# urgent help needed with bearded dragon baby



## bladesftp (Jan 3, 2009)

hello i have recently got a bearded dragon she is about 12 weeks old and is my first ever lizard normally stick to snakes

went out today and came home to find her looking a bit funny in the tank 

she cant walk forward in is leaning to one side all she is doing when i touch her is death rolling around the viv

her temp is 105F basking

and humidity is 20 - 30%

she ate yesterday but isnt eating today

any idea whats wrong

here is a pic of how she is laying i took her out of viv to take pic


----------



## cathandtam (Jan 8, 2009)

hi, 
the temps are a little low for such a small dragon. 110 to 115 basking spot is needed. 
what have you been feeding her? what suppliments have you been dusting with? what uv bulb and how far away from the basking spot? is she drinking?

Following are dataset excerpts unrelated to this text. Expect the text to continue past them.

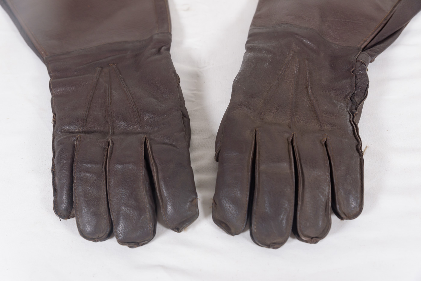 Ottimo paio di guanti fatti in pelle marrone, da pilota della Luftwaffe, marcati con RBNr. Usati, buono stato di conservazione.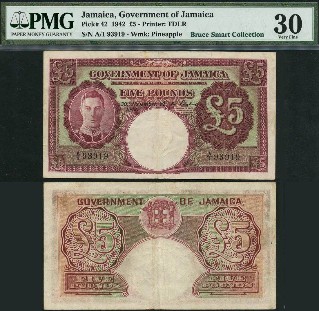 (x) Government of Jamaica, £5, 30 November 1942, serial number A/1 93919, maroon on multicolour underprint, George VI at left, value at right and each corner, reverse maroon, green and orange, arms at top centre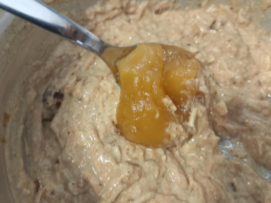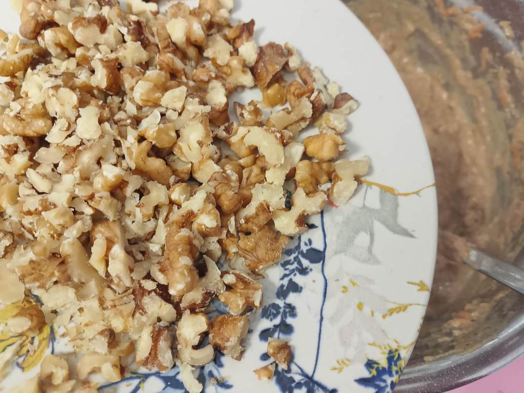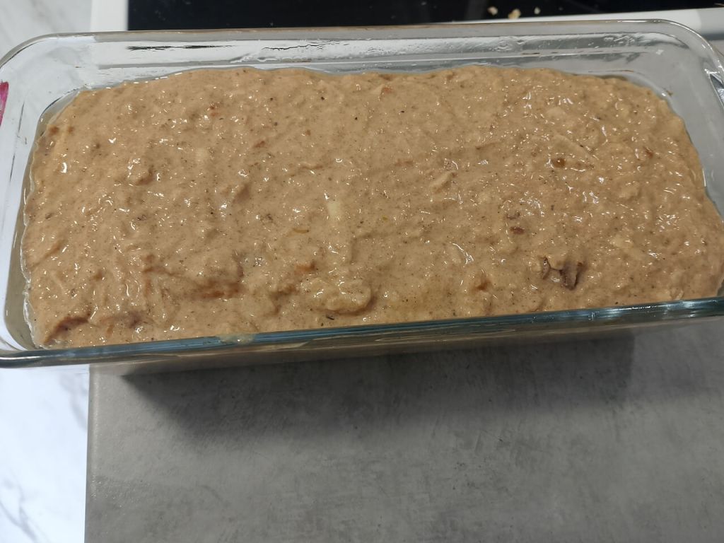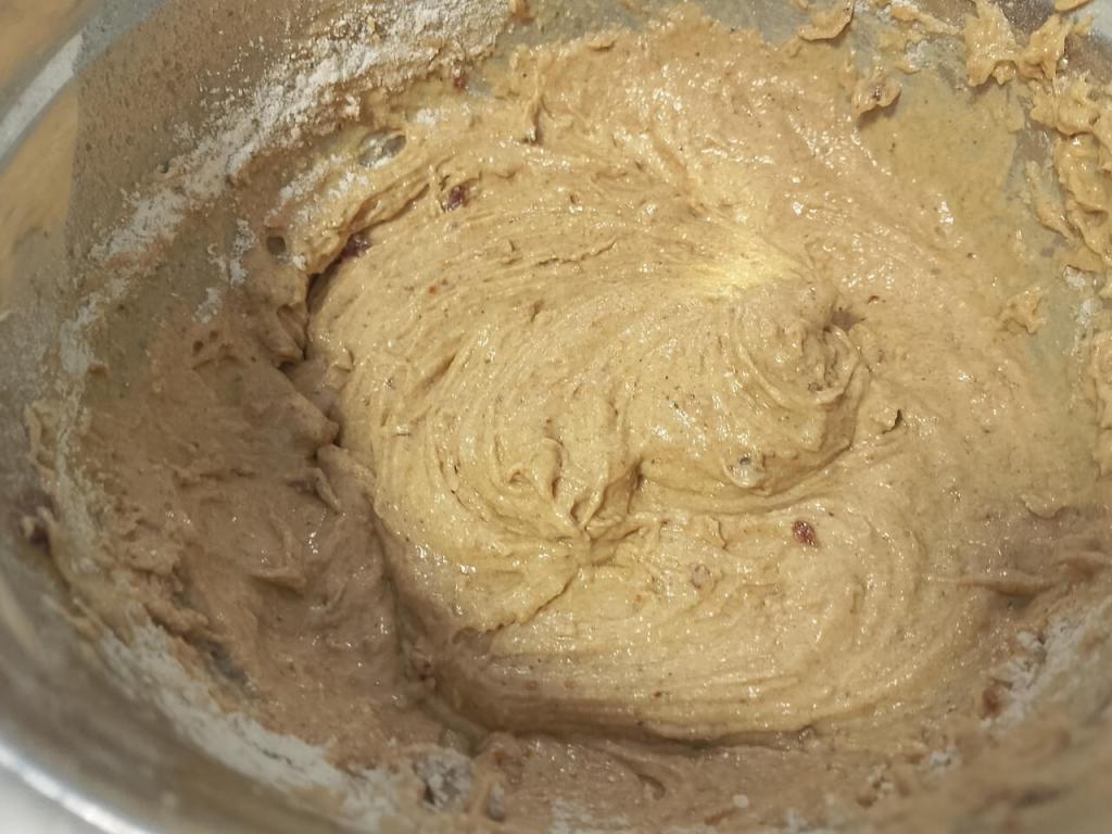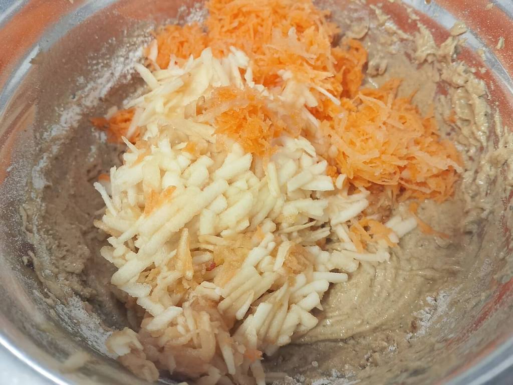 U jaja, rendanu šargarepu, jabuke i urme dodajte sve ostalo (mleko, ulje, PP, med, brašno i seckane orahe) i umutite dobro.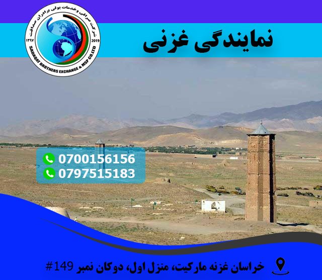 شرکت صرافی و خدمات پولی برادران صداقت افتخار دارد که نمایندگی خود را در خراسان غزنه مارکیت ولایت غزنی افتتاح نموده است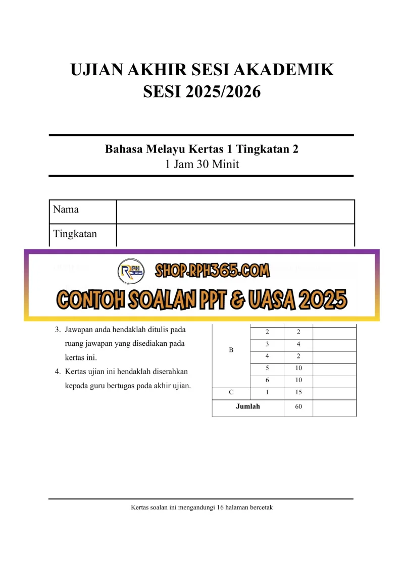 Jumlah Soalan: 2 Set Penulis: Cikgu NMMN Pakej: Soalan Kertas 1 dan 2 + Jawapan + JSU Format fail: Words/PDF/Excel

hate to say it but a vet trip is necessary!


----------



## bladesftp (Jan 3, 2009)

dust her crickets with nutrabol her uvb 10.0 light is about 8-10" from basking spot

shes drinking when we spray her


----------



## cathandtam (Jan 8, 2009)

how often do you dust with nutrabol?


----------



## bladesftp (Jan 3, 2009)

every other feed usually so once a day


----------



## Razaiel (Oct 17, 2006)

Sounds like you need to get her to the vet quickly - that definitely isn;t normal. I hope she's OK.


----------



## cathandtam (Jan 8, 2009)

thats far too often. 
you are overdosing the poor wee guy on vitamin d3. this can cause siezures in reptiles. stop using the nutrabol everyday!. 
they need a calcium suppliment without vitamins on 1 feed per day. we use calypso calcium dust for 5 days per week and nutrabol on the other 2 days. you need to check with a vet about the unintentional overdose and get some pure calcium without vits to dust 5 days per week. only use your nutrabol 2 days per week. i would give nice warm baths and get to a vet soon. don't feed anything bigger than the space between his eyes as this can cuase problems as well. 
are you using a tube for uv or a coil bulb? the coils can also cause problems with their eyes and severe lethargy.


----------



## bladesftp (Jan 3, 2009)

ah ok i was told by the breeder to dust every day 

just spoke to the vet and they are gonna try to see her tonight but she wont be there for 2 hours yet

out of hours fee is £200 but ill pay £1000 to help the little girl

using a uv tube 

cheers for ya help ill keep ya all updated


----------



## cathandtam (Jan 8, 2009)

glad you have been in touch with the vet. 
they are a reptile vet? just that our local vet doesn't do reps they refer us to the local vet uni where they have a fantastic reputation. we do get wormers etc from the vet but they always check with they uni as to doses etc. if its not a rep vet they will only refer you and charge you for the referal and the emergency call out. 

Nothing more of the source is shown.